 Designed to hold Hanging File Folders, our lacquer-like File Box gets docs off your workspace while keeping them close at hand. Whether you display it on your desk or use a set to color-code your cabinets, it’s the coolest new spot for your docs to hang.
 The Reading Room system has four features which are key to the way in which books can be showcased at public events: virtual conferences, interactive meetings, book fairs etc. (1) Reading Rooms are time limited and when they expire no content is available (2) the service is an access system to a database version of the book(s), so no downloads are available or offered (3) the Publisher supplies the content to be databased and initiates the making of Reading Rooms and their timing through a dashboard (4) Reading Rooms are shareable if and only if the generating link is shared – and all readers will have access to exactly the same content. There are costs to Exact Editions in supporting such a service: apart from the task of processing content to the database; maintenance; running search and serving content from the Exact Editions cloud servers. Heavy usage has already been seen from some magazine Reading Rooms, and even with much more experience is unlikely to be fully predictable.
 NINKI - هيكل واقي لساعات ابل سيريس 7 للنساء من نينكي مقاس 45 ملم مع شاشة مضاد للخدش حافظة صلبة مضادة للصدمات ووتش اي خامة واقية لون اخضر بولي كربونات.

++++++++++++++++++++

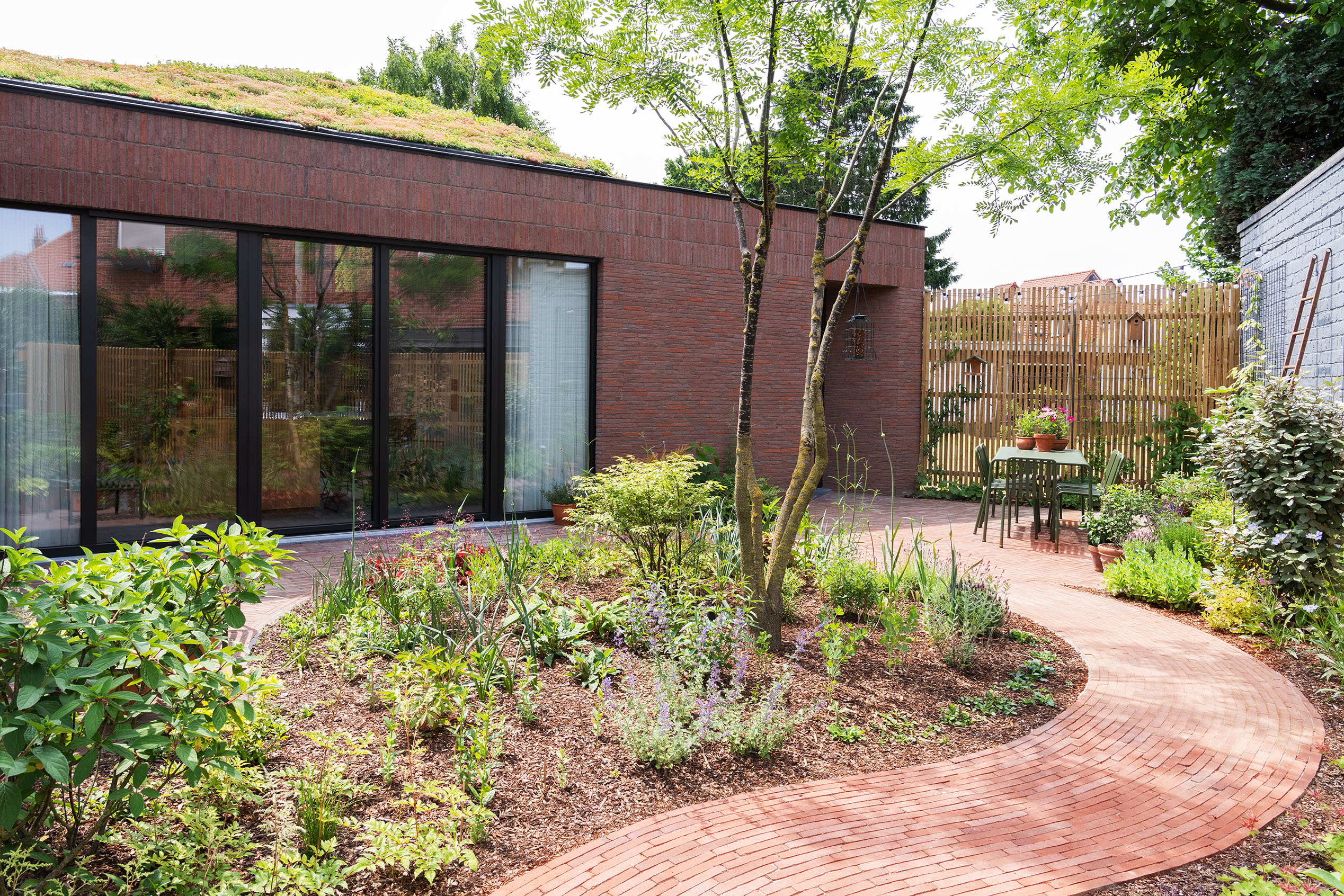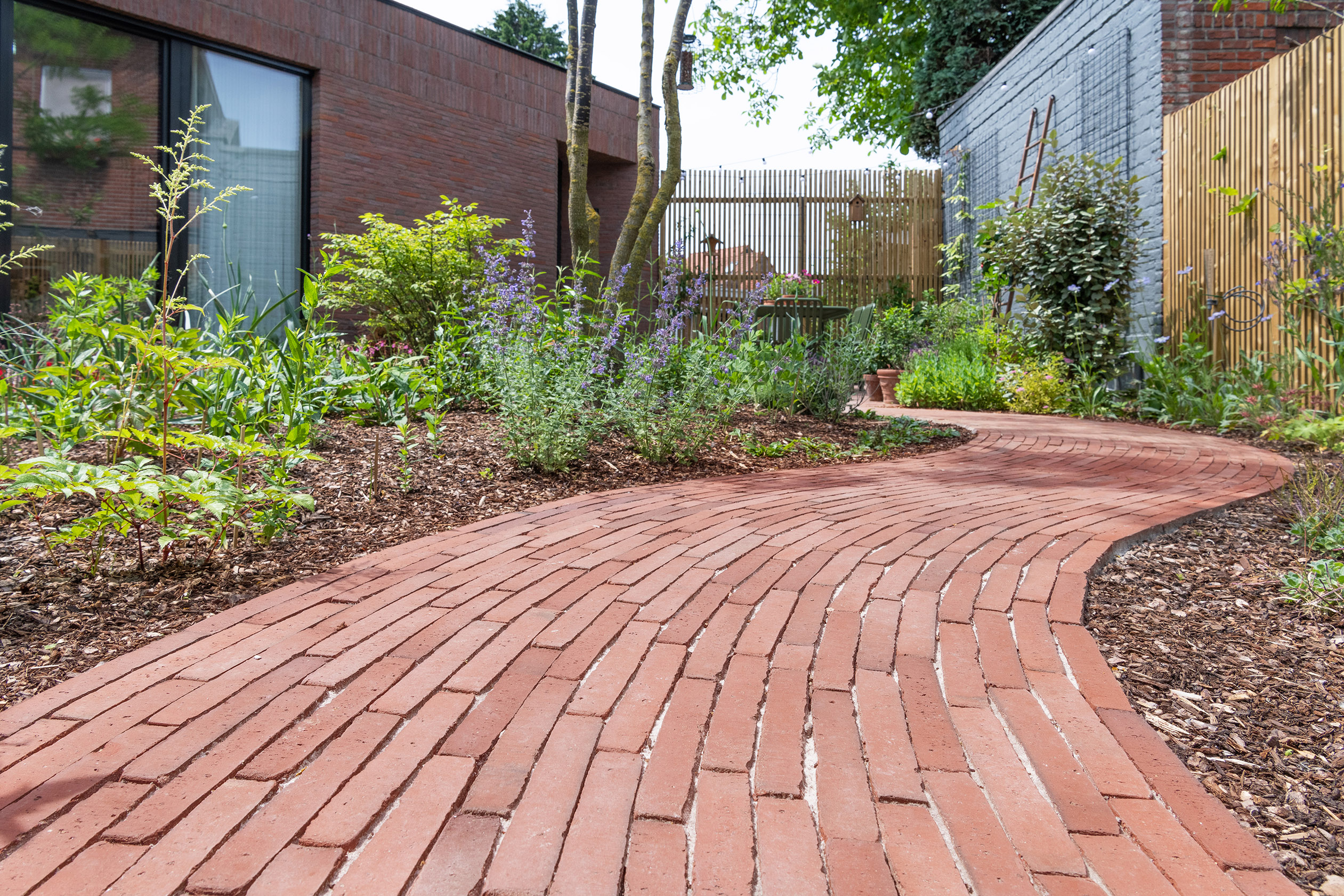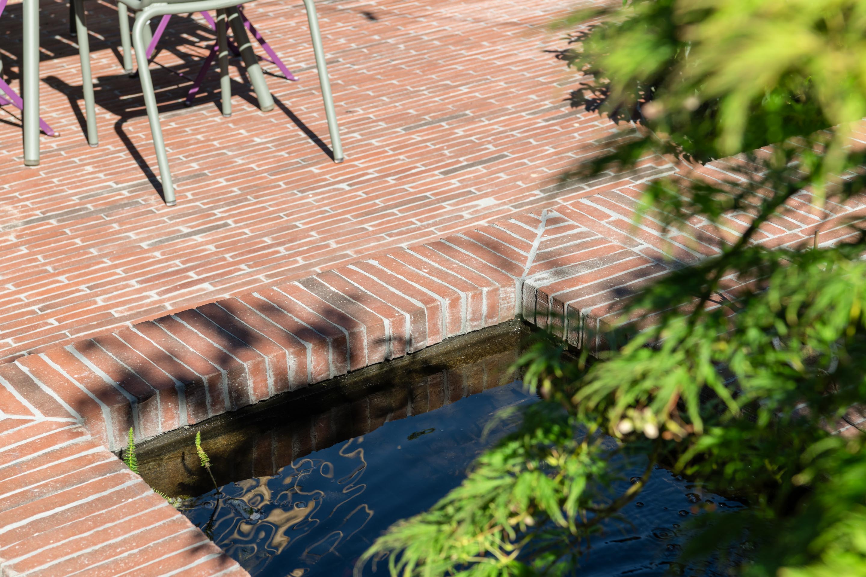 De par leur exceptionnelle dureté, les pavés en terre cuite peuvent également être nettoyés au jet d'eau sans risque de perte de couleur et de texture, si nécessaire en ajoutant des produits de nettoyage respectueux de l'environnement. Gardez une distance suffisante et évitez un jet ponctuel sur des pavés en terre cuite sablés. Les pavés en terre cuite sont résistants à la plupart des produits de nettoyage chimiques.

++++++++++++++++++++

WHAT YOU WILL DO >>
In the listing above, locate the line containing "Designed to hold" and the line containing "NINKI - هيكل". Transcribe those two lines and everything between them, exactly as written.

ANSWER SPACE >>
 Designed to hold Hanging File Folders, our lacquer-like File Box gets docs off your workspace while keeping them close at hand. Whether you display it on your desk or use a set to color-code your cabinets, it’s the coolest new spot for your docs to hang.
 The Reading Room system has four features which are key to the way in which books can be showcased at public events: virtual conferences, interactive meetings, book fairs etc. (1) Reading Rooms are time limited and when they expire no content is available (2) the service is an access system to a database version of the book(s), so no downloads are available or offered (3) the Publisher supplies the content to be databased and initiates the making of Reading Rooms and their timing through a dashboard (4) Reading Rooms are shareable if and only if the generating link is shared – and all readers will have access to exactly the same content. There are costs to Exact Editions in supporting such a service: apart from the task of processing content to the database; maintenance; running search and serving content from the Exact Editions cloud servers. Heavy usage has already been seen from some magazine Reading Rooms, and even with much more experience is unlikely to be fully predictable.
 NINKI - هيكل واقي لساعات ابل سيريس 7 للنساء من نينكي مقاس 45 ملم مع شاشة مضاد للخدش حافظة صلبة مضادة للصدمات ووتش اي خامة واقية لون اخضر بولي كربونات.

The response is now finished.